Nasal drops might prevent PTSD
- Post-traumatic stress disorder (PTSD) is characterized by intrusive fear memories that do not diminish, or “extinguish,” over time.
- A small protein called neuropeptide Y is known to play a role in PTSD.
- New research shows that nasal drops of neuropeptide Y triggers extinction of fear memories in an animal model of PTSD. Combined with pre-existing data from a clinical trial in humans, this suggests that these nasal drops could prevent the development of PTSD.
Post-traumatic stress disorder (PTSD) is characterized by an exaggerated fear response to stimuli related to a traumatic event, which persists long after the event has taken place. Normally, learned fear responses gradually diminish over time, but research suggests that this process, called extinction, is impaired in PTSD.
Neuropeptide Y
Research also shows that neuropeptide Y (NPY) plays a role in PTSD. This small protein has anti-anxiety and neuroprotective properties, and various studies show that PTSD is associated with reduced concentrations of NPY in the brain. Research just published in the Journal of Neuroendocrinology now shows that an NPY nasal spray prevents PTSD-like behaviors in mice by triggering extinction of fear memories.

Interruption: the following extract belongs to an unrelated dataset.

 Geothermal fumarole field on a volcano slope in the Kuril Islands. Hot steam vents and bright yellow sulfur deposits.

NPY is a 36-amino acid protein that is usually highly concentrated throughout the brain and peripheral nervous system, where it plays a role in multiple processes, including appetite, energy homeostasis, pain processing, and stress regulation. In humans, genetic variations in NPY expression affect emotions and the stress response, and combat veterans with PTSD have significantly lower levels of the peptide in their blood and cerebrospinal fluid than those without PTSD. In animals, administration of NPY into the brain inhibits different kinds of stress-induced behaviors.
How to give a rat PTSD
Esther Sabban of New York Medical School and her colleagues investigated the effects of a nasal NPY spray on the learning, retention, and extinction of fear memories in rats after exposure to a traumatic event. The researchers immobilized rats for two hours then forced them to swim for 20 minutes. After a brief recuperation period, they anesthetized the animals with ether vapor and put pairs into cages. This so-called “single prolonged stress” procedure has been used as an animal model of PTSD for 25 years.
While under anesthesia, some of the animals were given NPY, delivered as drops into their nostrils. One week later, all the animals were placed into a chamber, where they received mild electric shocks to their feet, paired with a sound, so that they learned to associate the sound with the shocks.

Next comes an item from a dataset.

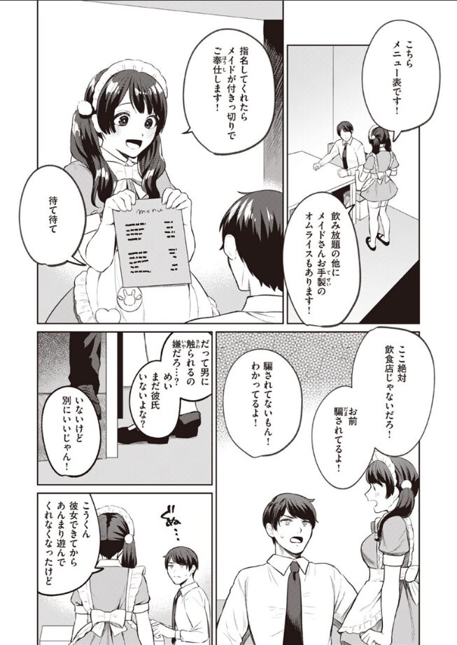 「折角来たんだからさ…もっと触る?」昔からほっとけなくて世話を焼いてきた7歳下の幼馴染・めい。最近、バイトを始めたらしいのだが、行ってみたらそこはいかがわしいことが出来るメイドカフェで……?めいが色んな男に触られて喜ぶ姿なんて想像できない……後悔する前にわからせてやろうと身体をまさぐるのだが!?

The next day, they were placed in another chamber, where they heard the same sound again repeatedly, without receiving electric shocks. Normally, this would cause gradual extinction of the learned fear memory, so that the initial fear response to the sound diminishes over time. In the animals subjected to prolonged stress a week earlier, this fear extinction did not occur, and they continued to exhibit fear behaviors in response to the sound. And when placed on an elevated maze, they behaved anxiously and froze instead of exploring the environment.

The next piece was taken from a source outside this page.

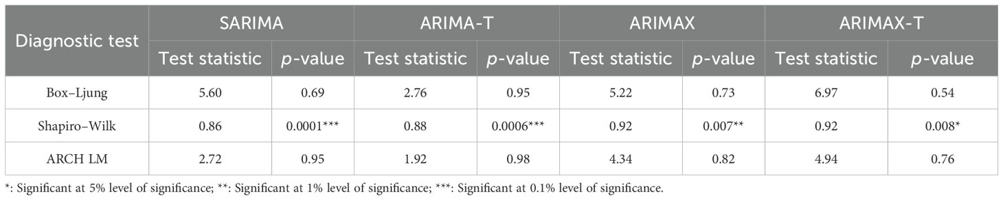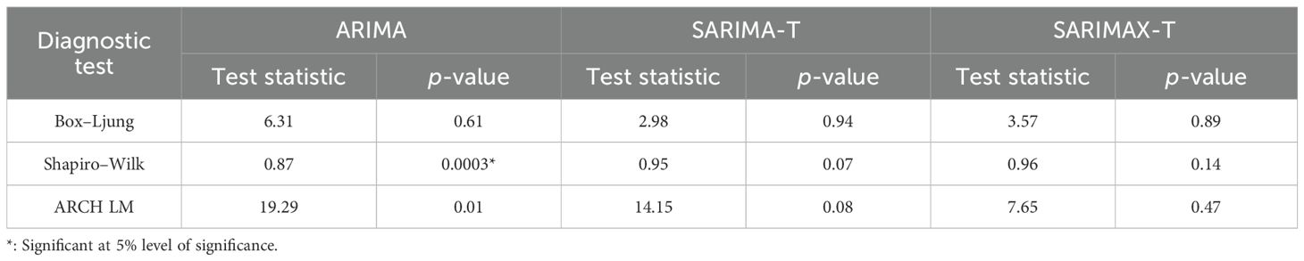 After confirming the stationarity of the time series data of yellow mite incidence, an ARIMA model is fitted and the parameters are presented in Table 6. The residuals of the fitted ARIMA model are found to be non-normal, as evident from Table 7; therefore, the original data series is transformed using square root transformation with the addition of 0.5 as few zero values are there. The transformed data exhibit seasonality as evident from the WO test, and therefore, a suitable SARIMA model is fitted based on the minimum AIC and BIC criteria, and this model is referred to as SARIMA-T. The parameters of the fitted SARIMA-T model are also presented in Table 6. Subsequently, MaxRH at 1 week and MaxT at 2 weeks are used as exogenous variables in the SARIMA-T model and, therefore, referred to as the SARIMAX-T model.

But the rats given nasal drops of NPY after exposure to prolonged stress behaved differently. Their fear responses did extinguish with repeated exposure to the sound in the absence of electric shocks, and they also explored the elevated maze without displaying anxiety-like behavior. Their behavior resembled that of control animals that were handled gently for several minutes instead of being subjected to the stressful procedure.
Clinical trials in humans
A small trial published in 2018 showed that intranasal NPY is well tolerated by PTSD patients, and may have anti-anxiety effects. These latest results suggest that intranasal NPY has potential as an early, non-invasive intervention that could prevent development of the condition in the first place.